Data extracts: Begin

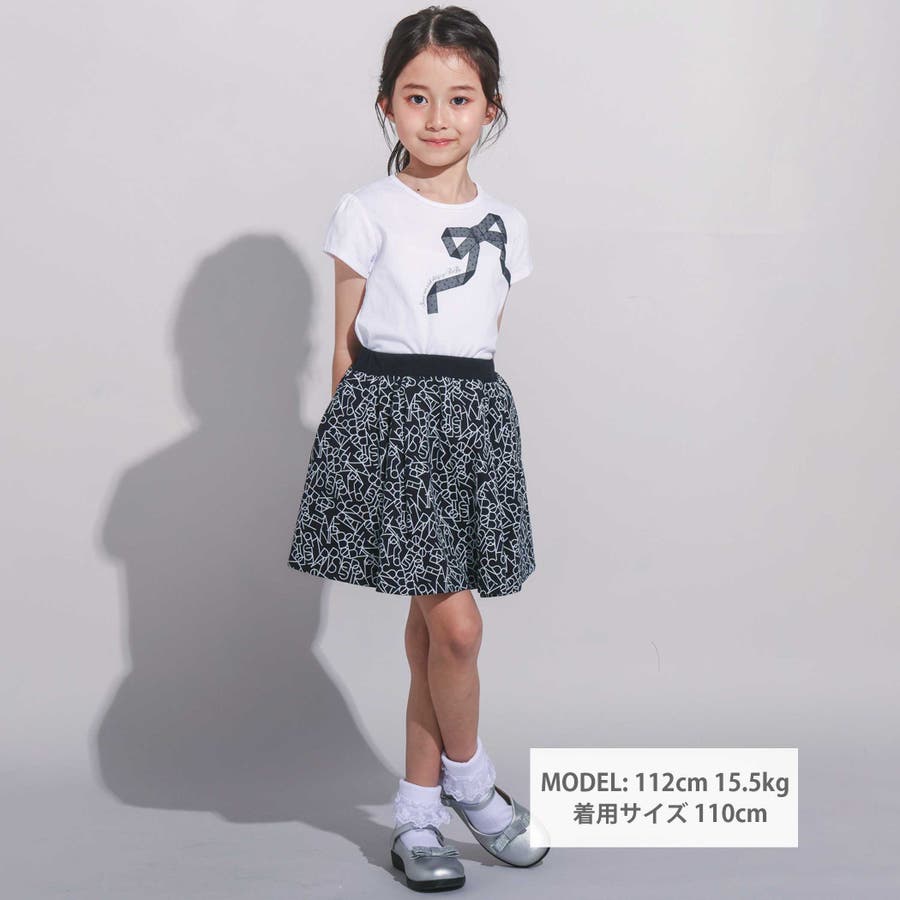 【お揃い】ジオメトリックロゴ総柄ポンチギャザースカート(90~150cm)
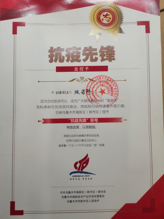 在中共乌鲁木齐高新区(新市区)委员会抗疫行动中,张若熙同学负责对出入人群进行身份登记,体温测量和检查健康码行程码,确保进入社区的人没有异常。对于居家隔离的人员,她每日去询问他们生活所需,帮他们采购生活用品,解决困难,营造一个舒适的隔离环境。对于返乡人员,她帮助社区向疾控中心汇报,严格排查中高风险地区返乡人员。
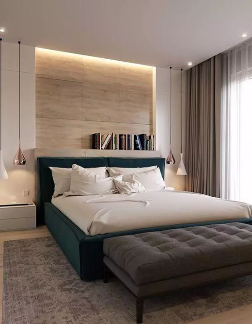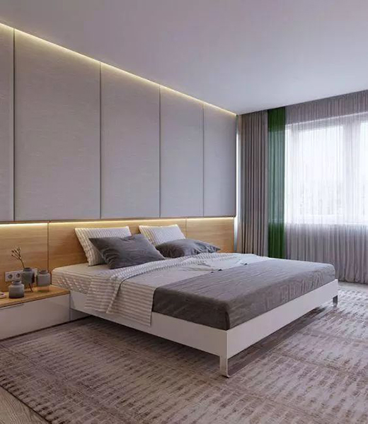 A. 分散在卧室的天花板安置灯带,以及床尾部分安装射灯,整体的照明,不至于刺眼。
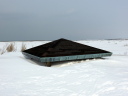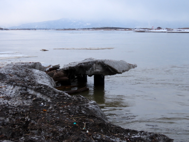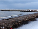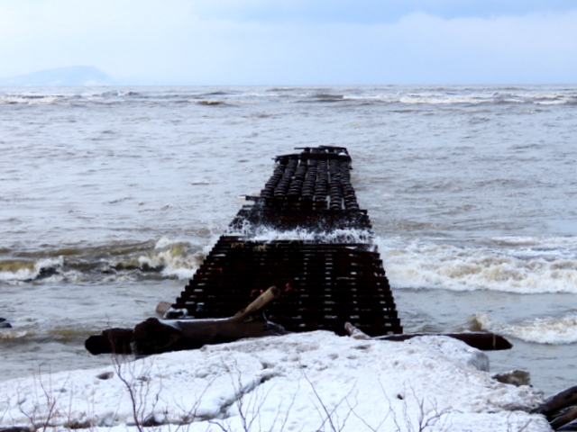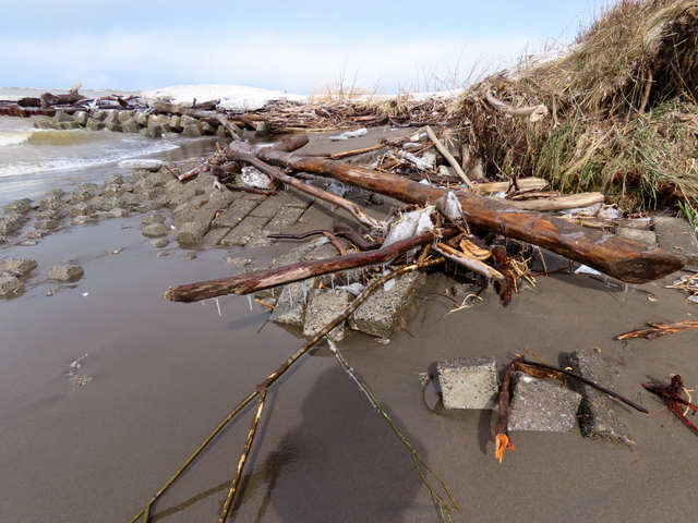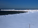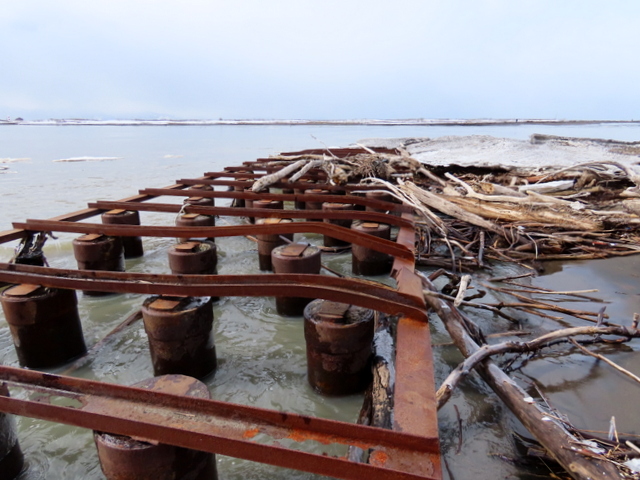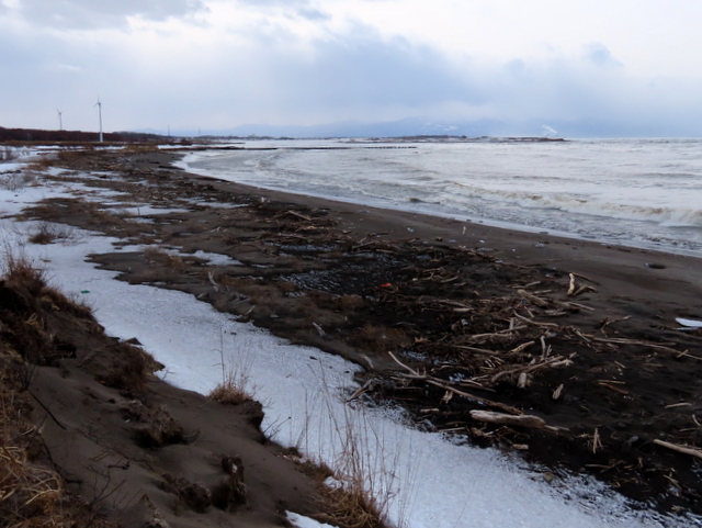 1/29には石狩川の川岸(浜)は全面雪氷に覆われていたが,2/24では奥まった浜崖の近辺にのみ僅かに残雪がある程度で地表の砂がほとんど露出していた。雪氷が解けたり流されたりした分だけ,汀線が後退しているように見える。実際にも2/19未明の有義波高6m(ナウファス・石狩湾新港)に及ぶ大時化で侵食されたのかもしれない。
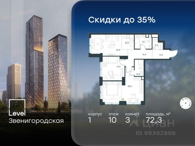 Однокомнатная квартира площадью 64,6 кв.м. на 9 этаже дома бизнес-класса "CRYSTAL Трилогия". Жилой комплекс CRYSTAL Трилогия комфорт в сердце Хорошево-Мнёвников Удобное расположение и транспортная доступность CRYSTAL Трилогия расположен в престижном районе Хорошево-Мнёвники, на улице Генерала Глаголева, всего в нескольких минутах от живописного Серебряного бора и набережной Москвы-реки. Из окон открываются панорамные виды на воду и зелёные зоны, создавая ощущение гармонии с природой. Автомобильная доступность • Звенигородское шоссе и проспект Маршала Жукова быстрый выезд в любую часть города. • 7 км до ТТК, 9 км до МКАД, 10 км до Садового кольца. • Общественный транспорт: • Ближайшая станция метро "Народное ополчение" (2 км). Добраться можно пешком или на автобусе. • В пешей доступности строятся 3 новые станции метро, что повысит транспортную связанность района. Инфраструктура: всё для жизни в шаговой доступности Комплекс входит в состав масштабного квартала Union Park (40 га) это современная городская среда с продуманной инфраструктурой. Образование и развитие: • Лучшие школы Москвы: 1515, 1517, 138, Курчатовская школа. • Детские сады: "Wow Kids Серебряный бор", логопедический "ДАРвиль". • Музыкальная школа им. В. В. Андреева. Медицина и спорт: • Поликлиника "Семейный доктор", медцентр "Мед-Лайт", стоматология. • Спорткомплекс "Серебряный" с бассейном, тренажерным залом и солярием. Магазины и рестораны: • Премиальные магазины: "Азбука вкуса", "ВкусВилл", "Лента", "Магнолия". • Рестораны и кафе: Asia Inn, Wells Home Cafe, рыбный ресторан The Mope. Футуристичная архитектура с продуманным комфортом CRYSTAL Трилогия это уникальный дизайн и эргономичные планировки: Внешний облик: • Кристаллическая архитектура с панорамными эркерами и фасадами в оттенках горького шоколада. • Трехуровневая структура, где на верхнем ярусе вы увидите геометрические эркеры с панорамным остеклением, на среднем уровне расположены квартиры с окнами на 1-2 стороны, а на нижнем отделка австрийским клинкерным кирпичом. Внутреннее пространство: • Светлые входные группы с лаунж-зонами для отдыха и мероприятий. • Подземный паркинг (по машиноместу на квартиру) и кладовые для хранения. • Закрытые дворы с спортивными зонами: • Теннисный корт. • Площадки для воркаута. • Беговые дорожки. • Поле для игровых видов спорта. Квартиры с продуманными планировками • 14 комнатные варианты. • Высокие потолки и панорамное остекление для максимальной инсоляции. • Ровные стены и черновая/чистовая отделка на выбор. • Готовые решения для комфортного заезда.
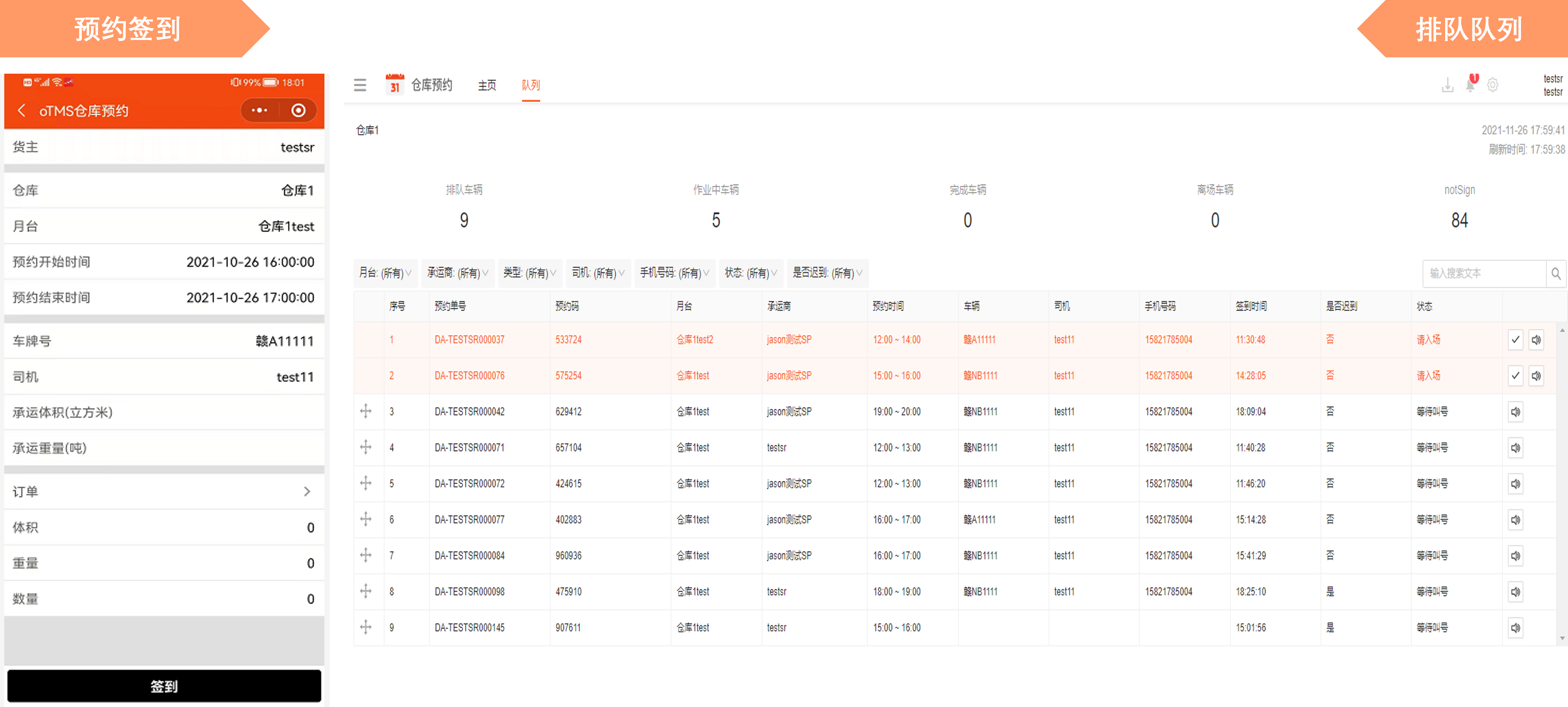 针对上述问题,oTMS仓库预约管理系统通过提前预约、现场叫号、系统对接等方式,有效解决难点痛点,从而提升仓库效率。具体表现为:

Data extracts: End

- What the exercise asks -
What the records say must be written out exactly, with none of their pictures.

- Solution to this problem -
 【お揃い】ジオメトリックロゴ総柄ポンチギャザースカート(90~150cm)
 在中共乌鲁木齐高新区(新市区)委员会抗疫行动中,张若熙同学负责对出入人群进行身份登记,体温测量和检查健康码行程码,确保进入社区的人没有异常。对于居家隔离的人员,她每日去询问他们生活所需,帮他们采购生活用品,解决困难,营造一个舒适的隔离环境。对于返乡人员,她帮助社区向疾控中心汇报,严格排查中高风险地区返乡人员。
 A. 分散在卧室的天花板安置灯带,以及床尾部分安装射灯,整体的照明,不至于刺眼。
 1/29には石狩川の川岸(浜)は全面雪氷に覆われていたが,2/24では奥まった浜崖の近辺にのみ僅かに残雪がある程度で地表の砂がほとんど露出していた。雪氷が解けたり流されたりした分だけ,汀線が後退しているように見える。実際にも2/19未明の有義波高6m(ナウファス・石狩湾新港)に及ぶ大時化で侵食されたのかもしれない。
 Однокомнатная квартира площадью 64,6 кв.м. на 9 этаже дома бизнес-класса "CRYSTAL Трилогия". Жилой комплекс CRYSTAL Трилогия комфорт в сердце Хорошево-Мнёвников Удобное расположение и транспортная доступность CRYSTAL Трилогия расположен в престижном районе Хорошево-Мнёвники, на улице Генерала Глаголева, всего в нескольких минутах от живописного Серебряного бора и набережной Москвы-реки. Из окон открываются панорамные виды на воду и зелёные зоны, создавая ощущение гармонии с природой. Автомобильная доступность • Звенигородское шоссе и проспект Маршала Жукова быстрый выезд в любую часть города. • 7 км до ТТК, 9 км до МКАД, 10 км до Садового кольца. • Общественный транспорт: • Ближайшая станция метро "Народное ополчение" (2 км). Добраться можно пешком или на автобусе. • В пешей доступности строятся 3 новые станции метро, что повысит транспортную связанность района. Инфраструктура: всё для жизни в шаговой доступности Комплекс входит в состав масштабного квартала Union Park (40 га) это современная городская среда с продуманной инфраструктурой. Образование и развитие: • Лучшие школы Москвы: 1515, 1517, 138, Курчатовская школа. • Детские сады: "Wow Kids Серебряный бор", логопедический "ДАРвиль". • Музыкальная школа им. В. В. Андреева. Медицина и спорт: • Поликлиника "Семейный доктор", медцентр "Мед-Лайт", стоматология. • Спорткомплекс "Серебряный" с бассейном, тренажерным залом и солярием. Магазины и рестораны: • Премиальные магазины: "Азбука вкуса", "ВкусВилл", "Лента", "Магнолия". • Рестораны и кафе: Asia Inn, Wells Home Cafe, рыбный ресторан The Mope. Футуристичная архитектура с продуманным комфортом CRYSTAL Трилогия это уникальный дизайн и эргономичные планировки: Внешний облик: • Кристаллическая архитектура с панорамными эркерами и фасадами в оттенках горького шоколада. • Трехуровневая структура, где на верхнем ярусе вы увидите геометрические эркеры с панорамным остеклением, на среднем уровне расположены квартиры с окнами на 1-2 стороны, а на нижнем отделка австрийским клинкерным кирпичом. Внутреннее пространство: • Светлые входные группы с лаунж-зонами для отдыха и мероприятий. • Подземный паркинг (по машиноместу на квартиру) и кладовые для хранения. • Закрытые дворы с спортивными зонами: • Теннисный корт. • Площадки для воркаута. • Беговые дорожки. • Поле для игровых видов спорта. Квартиры с продуманными планировками • 14 комнатные варианты. • Высокие потолки и панорамное остекление для максимальной инсоляции. • Ровные стены и черновая/чистовая отделка на выбор. • Готовые решения для комфортного заезда.
 针对上述问题,oTMS仓库预约管理系统通过提前预约、现场叫号、系统对接等方式,有效解决难点痛点,从而提升仓库效率。具体表现为:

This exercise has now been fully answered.